Recuerdos de Navidad
por Alberto
Farias Gramegna
Mi abuela Angelita dirigía el trabajo de equipo, y toda la
familia se ponía en marcha para preparar el gran evento: ¡la cena de la
Nochebuena!. La casona del encuentro estaba ubicada en Caseros, casi en la
esquina de Caferata y San Martín, junto a la quinta de Don Vicente, el viejo italiano,
que solitario cantaba en dialecto napolitano. La finca ocupaba dos terrenos,
con una edificación aplanada y extendida pintada de blanco a la cal. A su
frente, cerca de la planta de camelias, un Pinocho de cemento sostenía una
manzana dando la bienvenida al visitante.
Ese día llegamos con
mi madre después del medio día para ayudar a preparar la cena. Cargados a dos
manos con bolsas de frutas y verduras, caminamos quince cuadras por calles de
tierra y baldíos sin alambrar, con aroma de hinojos silvestres.
En el jardín un gran
pino de agujas ya estaba adornado con enjambres de globos, guirnaldas y cables
que enlazaban lamparitas desnudas pintadas con variados colores. Sobre la copa
mi abuelo Pedro colocaba una estrella plateada de gran tamaño que él mismo
había fabricado con chapas plateadas en el taller donde fabricaba bombeadores
de agua.
Junto al pino se
extendía la edificación nueva : una sala estrecha que recorría la morada cuan
larga era, con tres grandes ventanales cerrados por vidrios repartidos de
variados tonos verde azulados. En su interior estaba instalado el piano de mi
tía Nelly, que era profesora de música. Una parte del ambiente funcionaba como
comedor solo utilizado para los acontecimientos especiales. En una oportunidad mi
madre armó allí mismo el arbolito navideño, iluminándolo con pequeñas velas
encendidas estilo cumpleaños, sostenidos en soportes colocados en los extremos
de las ramas. El amable conjunto no duró demasiado, ya que antes de la
medianoche se incendió al caerse una velita derretida. Por suerte el incidente
no prosperó y ninguno salió lastimado.
A media tarde
iniciábamos el armado de las mesas. Mi tío Carlos aportó de su carpintería los
caballetes y las tablas que irían ensambladas en forma de “T”. El punto de
unión, al centro de la cabecera, estaba reservado para los abuelos.
Mientras tanto, en la
amplia cocina que daba al patio de parras, las mujeres cortaban frutas y
hervían las verduras.

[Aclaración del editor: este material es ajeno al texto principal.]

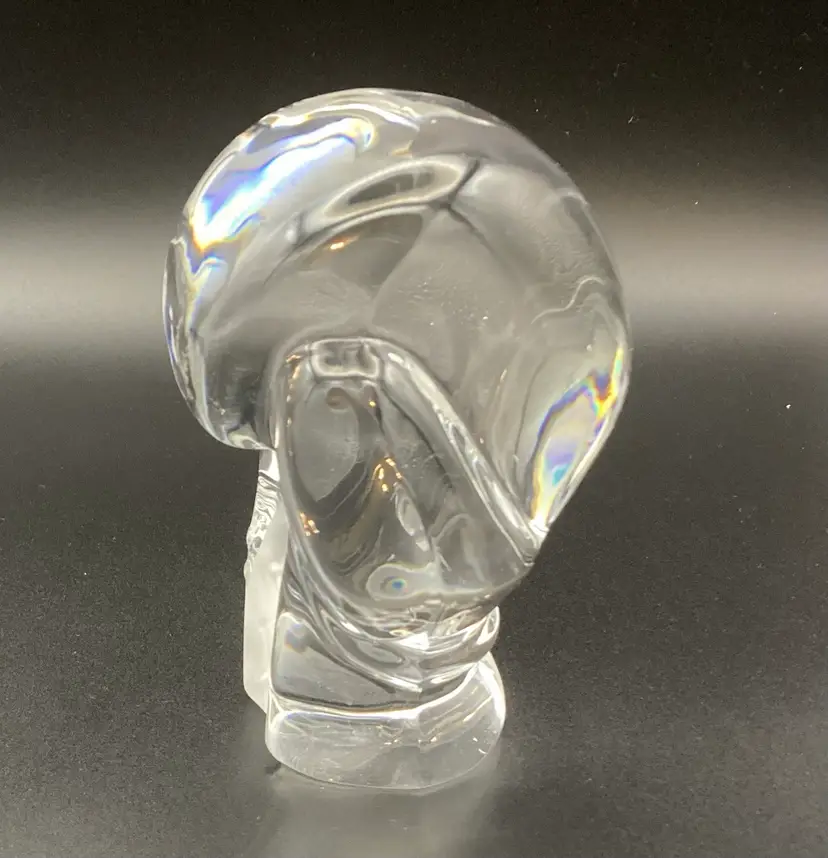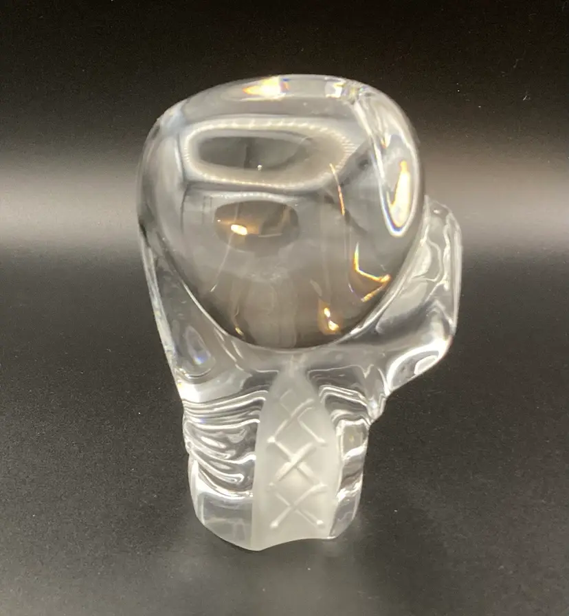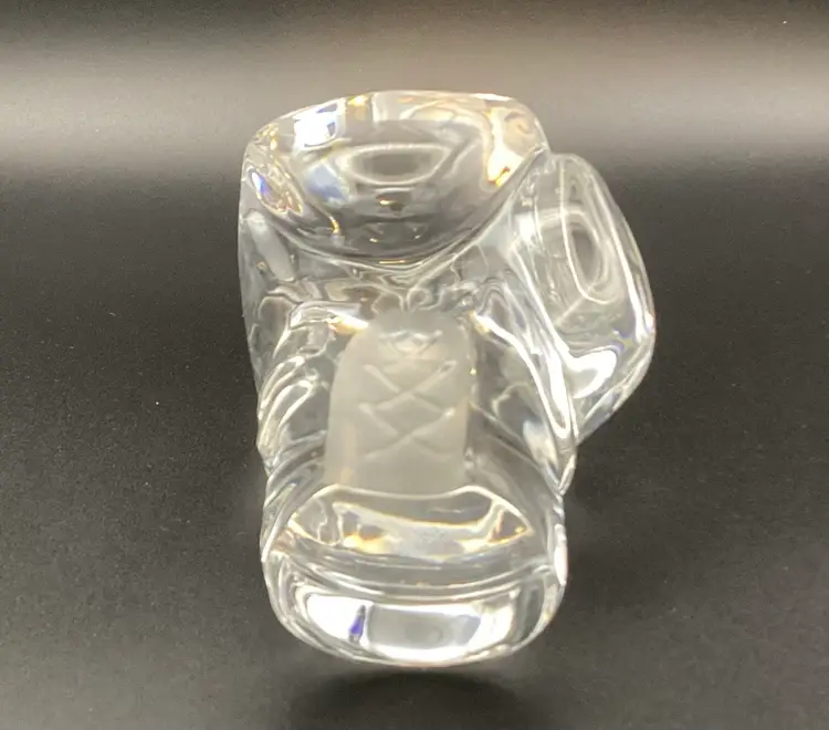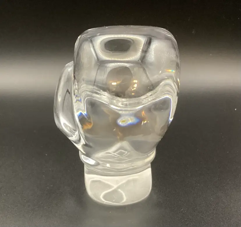 This crystal boxing glove paperweight is unsigned but appears to be a quality piece of art glass. It is in excellent condition with no chips or cracks. It measures 1.25” x 3.75”. Definitely a unique addition to a paperweight collection.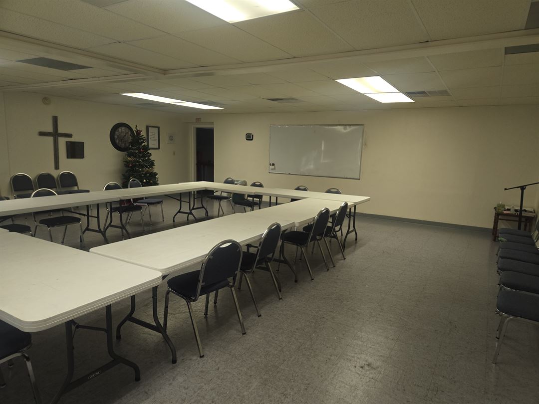 We would be honored to host your next event. We have a beautiful Sanctuary with stained glass windows, rustic light fixtures, and a sound room. Our Fellowship Hall is great for a reception, large event, and can also be used for indoor sporting events. Our kitchen has a large serving window that can open up to the Fellowship Hall, with several sinks, counters, a large food warmer, and more. We have meeting rooms and classrooms that would be perfect for business meetings, baby showers, seminars and more.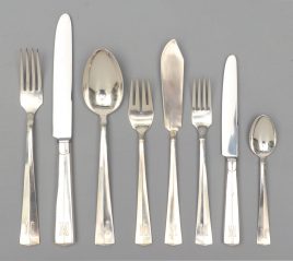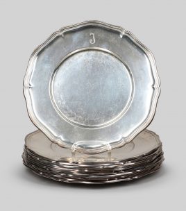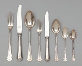 acht Vorspeisenteller, acht Menueteller, elf tiefe Teller und acht Dessertschalen, sechs Suppentassen mit Deckeln und Untertassen, vier Platten und drei Konfektschälchen (48)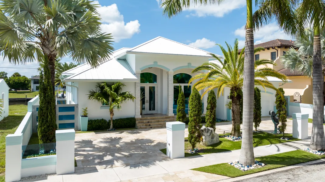 Stunning waterfront home is a boater's dream! Custom, newer (2014) high quality construction property offers exquisite details throughout. Grand master bedroom has water views and boasts his and hers master bathrooms and custom closets! 60 ft dock and up to 24,000lbs boat lift will accommodate your toys and offer easy ocean access. Enjoy the unique outdoor experience this home offers including a large covered loggia, inviting infinity pool, outdoor kitchen and plenty of sunny backyard space with water views. Other luxury features include gourmet kitchen with gas stove, Nanawall folding glass doors, high ceilings, and polished white glass floor tiles. Located in the sought after SoSo residential neighborhood, this home is also close to Palm Beach, downtown WPB, beaches, shopping and airport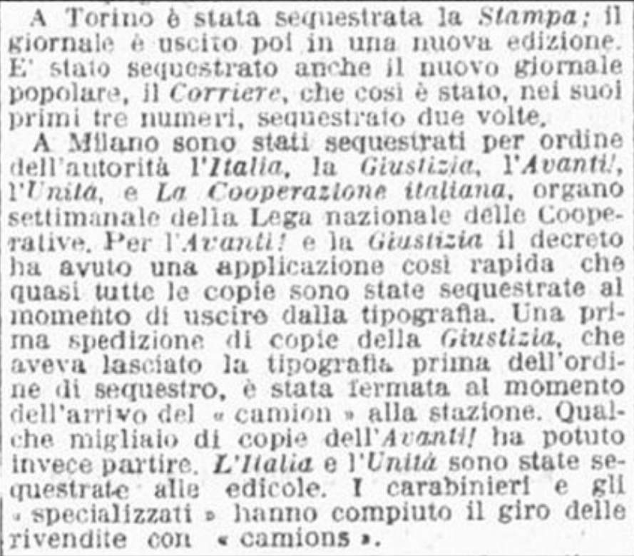 Lo stesso giorno i fascisti avevano assaltato a Livorno il Palazzo di Giustizia dove si trovava il deputato socialista G. Emanuele Modigliani aggredendolo e malmenandolo.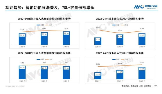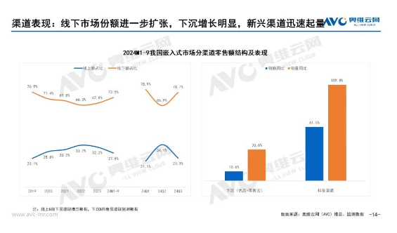 从渠道看,三季度以旧换新拉动嵌入式线下市场份额持续增长。奥维云网(AVC)监测数据显示,2024年1-9月,嵌入式产品线下零售额占比为72.5%,较去年整体上涨4.7个百分点。同时,下沉渠道和抖音渠道的销售也有明显的上行趋势。奥维云网(AVC)监测数据显示,2024年1-9月,嵌入式产品下沉和抖音渠道零售额同比增速分别为10.6%、61.5%,市场依然广阔。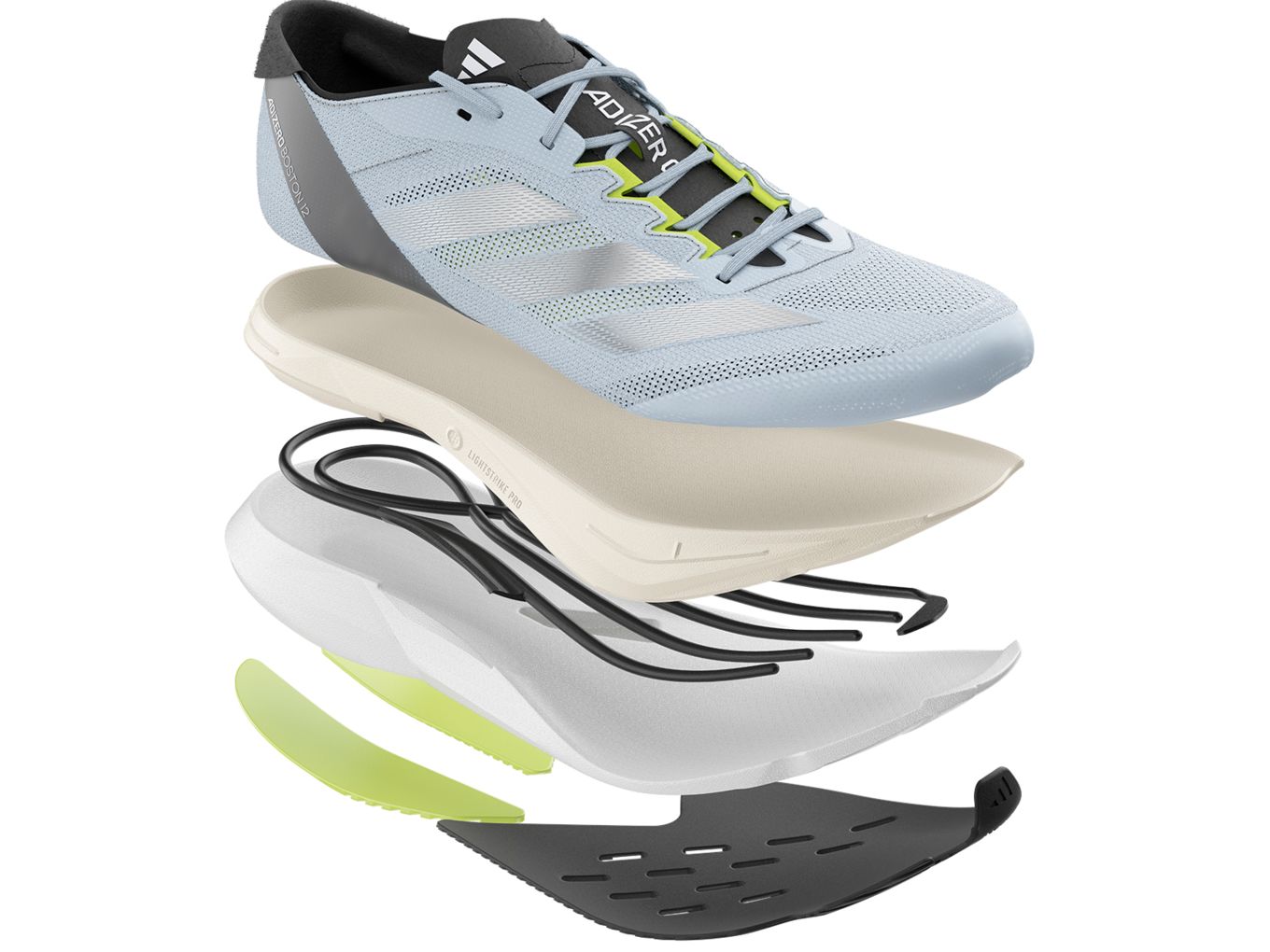 Wie in der elften Version besteht auch jetzt die Mittelsohle aus zwei Lagen Dämpfungsmaterial. Die obere ist unverändert aus Lightstrike Pro. Es ist das leichteste, reaktionsfreudigste und auch komfortabelste Schaumstoffmaterial von Adidas. In der unteren Lage wird nun Lightstrike 2.0 statt Lightstrike verwendet. Lightstrike 2.0 ist noch leichter – und das, obwohl die Dichte des Materials nicht verändert wurde. Wie die Vorgängervariante Lightstrike sorgt der EVA-Schaum für Langlebigkeit und Stabilität.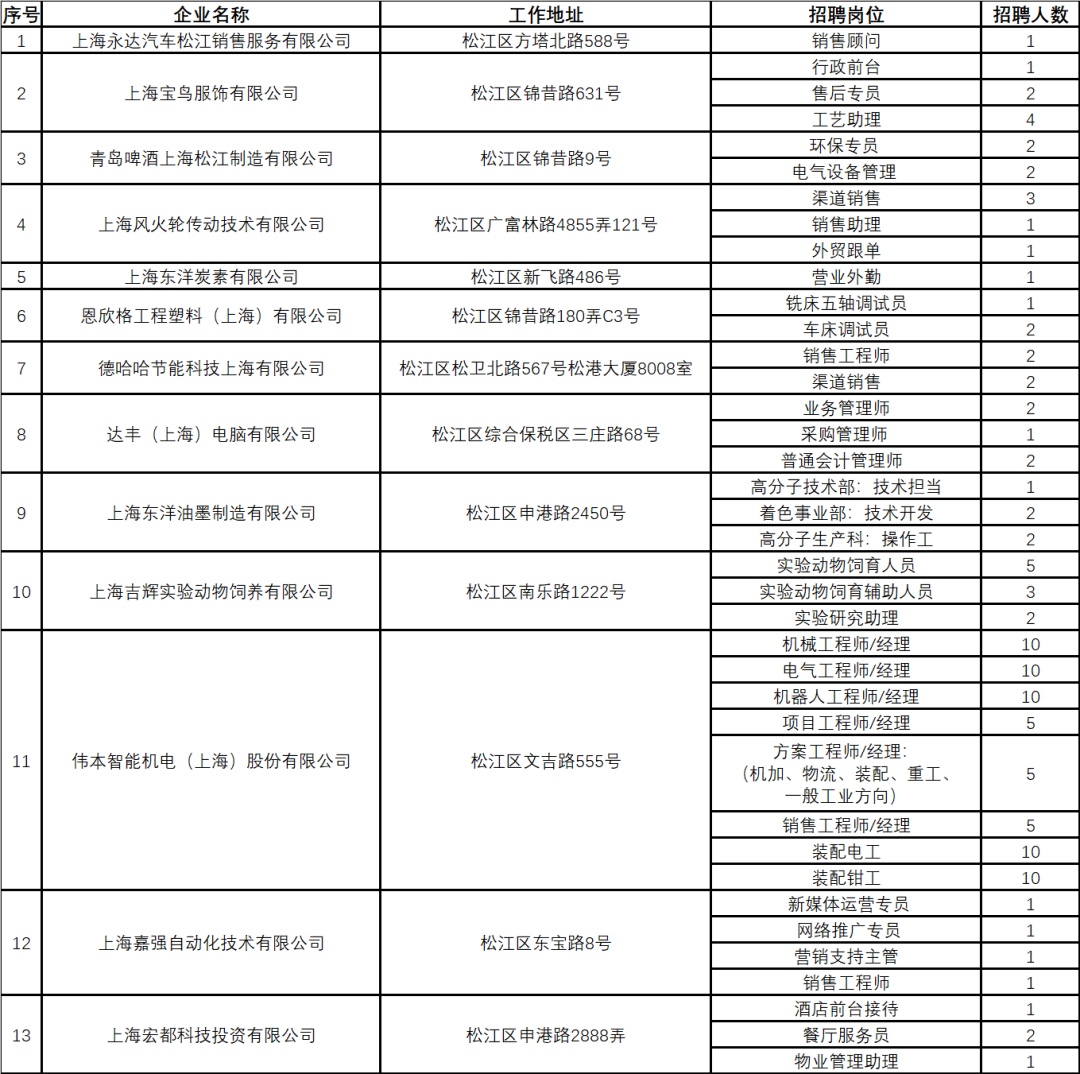 松江区一类重点企业正在招人,7岗可选,月薪最高4W!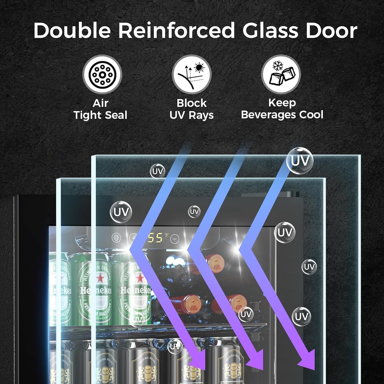 Antarctic Star Mini Fridge-95 Can Beverage Refrigerator Wine Cooler Clear Front Glass Door Small Drink Touch Screen for Soda Beer Bar Office Home 2.6 cu.ft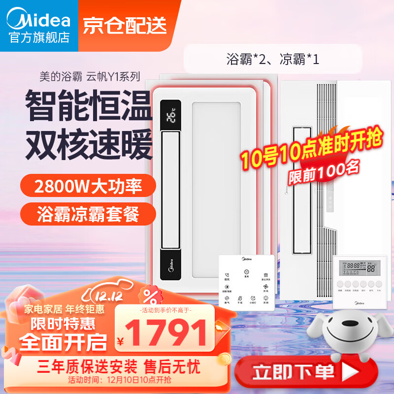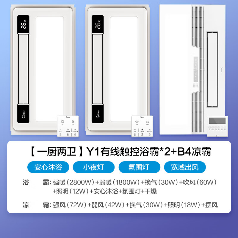 美的(Midea)浴霸风暖浴室取暖器集成吊顶排气扇照明一体双电机卫生间灯暖风机价格:1840.00元!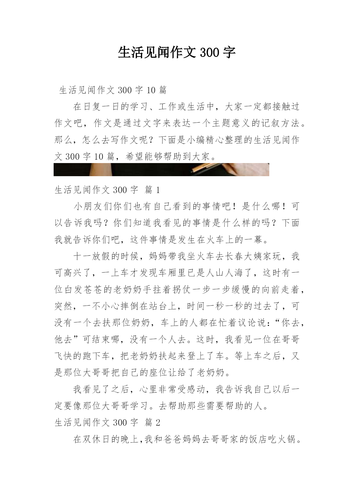 生活见闻作文300字生活见闻作文300字10篇在日复一日的学习、工作或生活中,大家一定都接触过作文吧,作文是通过文字来表达一个主题意义的记叙方法。那么,怎么去写作文呢?下面是小编精心整理的生活见闻作文300字10篇,希望能够帮助到大家。生活见闻作文300字篇1小朋友们你们也有自己看到的事情吧!是什么哪!可以告诉我吗?你们知道我看见的事情是什么样的吗?下面我就告诉你们吧,这件事情是发生在火车上的一幕。十一放假的时候,妈妈带我坐火车去长春大姨家玩,我可高兴了,一上车才发现车厢里已是人山人海了,这时有一位白发苍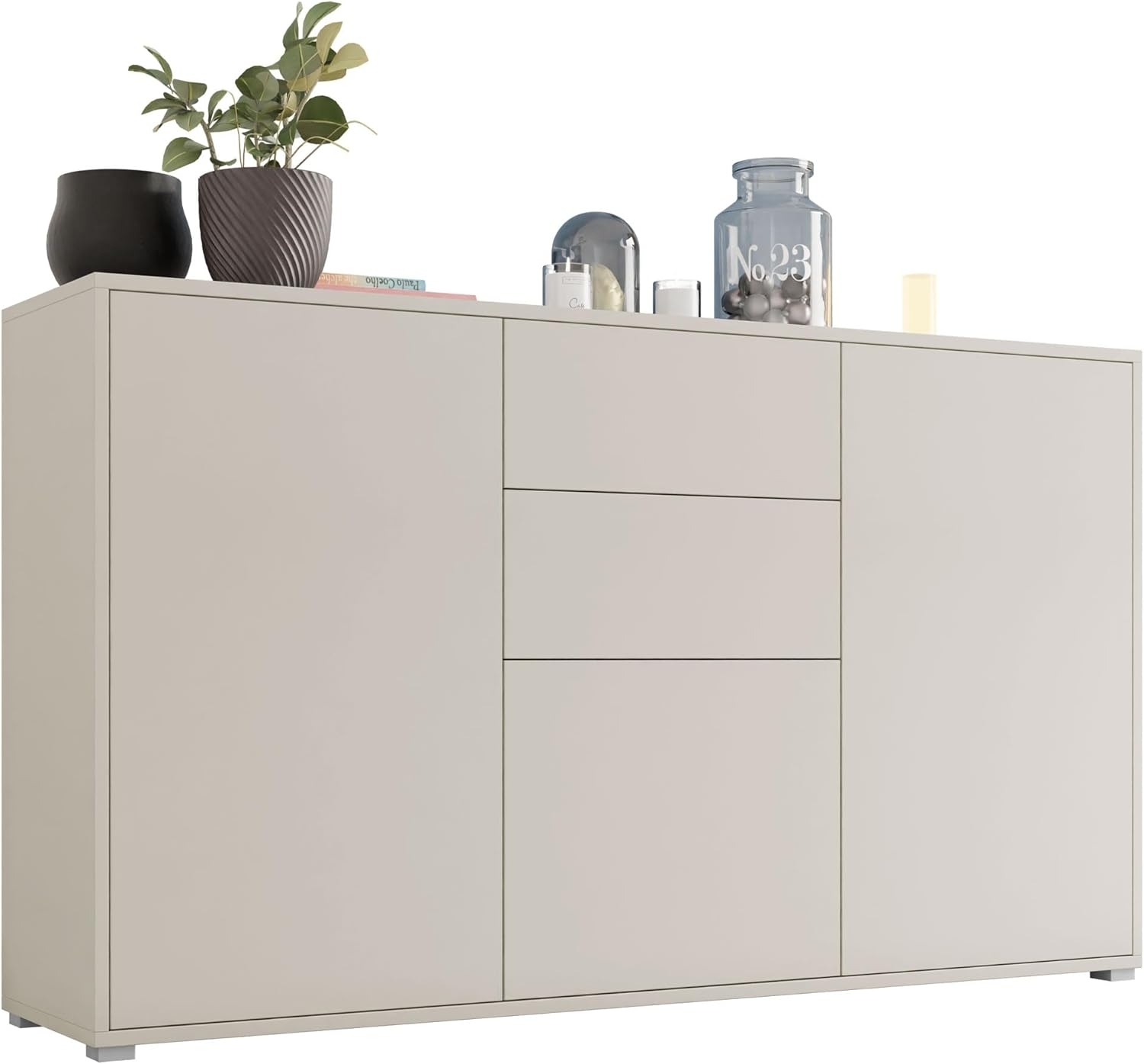 Die Kommode Gesita K3D2SZ in der eleganten Farbe Cashmere vereint stilvolles Design mit praktischer Funktionalität. Mit einer Länge von 141 cm, einer Höhe von 93 cm und einer Breite von 41 cm bietet sie ausreichend Stauraum. Die hochwertige Ausführung aus 16 mm Spanplatte und das griffloses Öffnungssystem "Push to Open" sorgen für eine moderne Optik und einfache Handhabung. **Highlights** - Griffloses Öffnungssystem "Push to Open" für eine elegante Bedienung - Hochwertige Verarbeitung aus 16 mm Spanplatte - 3 Türen und 2 Schubladen für optimalen Stauraum - Füße aus Kunststoff für Stabilität - Lieferung mit Montageanleitung zum Selbstaufbau **Produkteigenschaften** - Maße (LxHxB): 141 x 93 x 41 cm - Rand aus PCV - Gleitschienen für sanftes Öffnen und Schließen - Alle Maße sind ca. Maße **Lieferumfang** - Kommode Gesita K3D2SZ - Montageanleitung - Lieferung bis zur ersten Tür (kein Montageservice) - Ohne Dekoration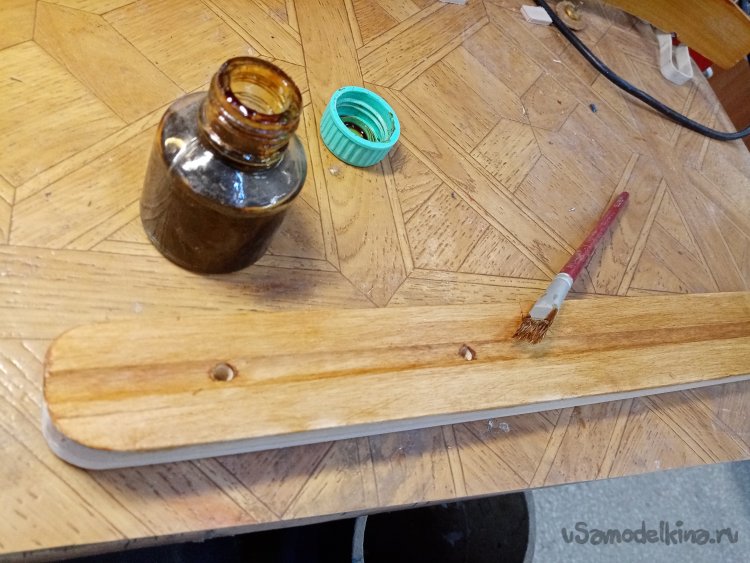 Покрываю просохшую рукоятку «электрическим» лаком для плат. На три раза. С просушкой на батарее.
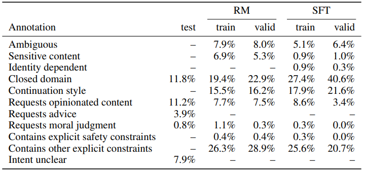 학습과 검증 단계에서 alignment criteria 사이에 충돌이 있었습니다. 예를 들어, 학습 단계에서는 유저의 요청이 유해함과 관계없이 응답이 유용성을 우선시했습니다. 하지만 검증 단계에서 라벨러는 진실성과 유해성을 중심으로 평가하였습니다.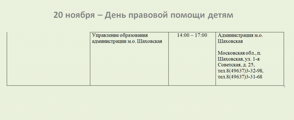 Управление образования администрации м.о. Шаховская (тел.8(49637)3-32-98,

Carnes de cerdo, pollos y algún pavo conseguido en la
granja de “los Venturini”, una familia amiga que vivía cerca de Ciudadela.
Los turrones, frutas
abrillantadas y el pan dulce -que mi abuela se empecinaba en llamar “pannetone”-
los comprábamos siempre en la confitería de doña Carmen.
Pero las dos cosas más
importantes de esa jornada impar eran la parafernalia de estrellitas, cañitas
voladoras, ruedas luminosas, petardos y buscapiés -que en aquella época se
usaban sin restricciones en todas las fiestas- y la expectativa por los regalos
de Papá Noel.
Mi padre -oficial de artillería-
era afecto a los estruendos de los fuegos de artificio y como sorpresa, al sonar las campanas de media
noche de la iglesia de La Merced, sacó de un bolso un cohete-bengala de los
usados para iluminar el campo de maniobras militares y lo instaló en un caño
cuya base estaba enterrada en el terreno de los fondos. Por supuesto la
atención y el suspenso eran enormes. La mecha se encendió con brillo intenso, pero
al cabo fue amainando su potencia pasando varios segundos interminables. Cuando
parecía haberse apagado, un silbido tremendo adelantó la salida del ingenio
volador envuelto en una extraña y anormal cortina de chispas rojo amarillentas.
La exclamación unísona
de los presentes acompañó la triste y corta parábola: el ridículo misil cayó
detrás del muro, en medio del gallinero de doña Rosario, la vecina. El pánico
de los desgraciados animales aumentó con la columna de humo negro elevándose
por sobre el ladrido de todos los perros de la manzana. La discusión con la
indignada vecina postergó el brindis y casi olvido los esperados regalos. Debajo
del pino varios paquetes con envoltura satinada y moños exagerados hicieron que
mi corazón infantil se agitara con más fuerza que ante la caída del cohete
malogrado.
Aquella Navidad abrí
todos los envoltorios antes que los demás pudieran leer los cartelitos que
tenían abrochados. La bicicleta venía
con rueditas a los lados, pero se las saqué a la semana, cansado de las bromas
de los pibes del barrio. Cosas de la infancia…Recuerdos de Navidad.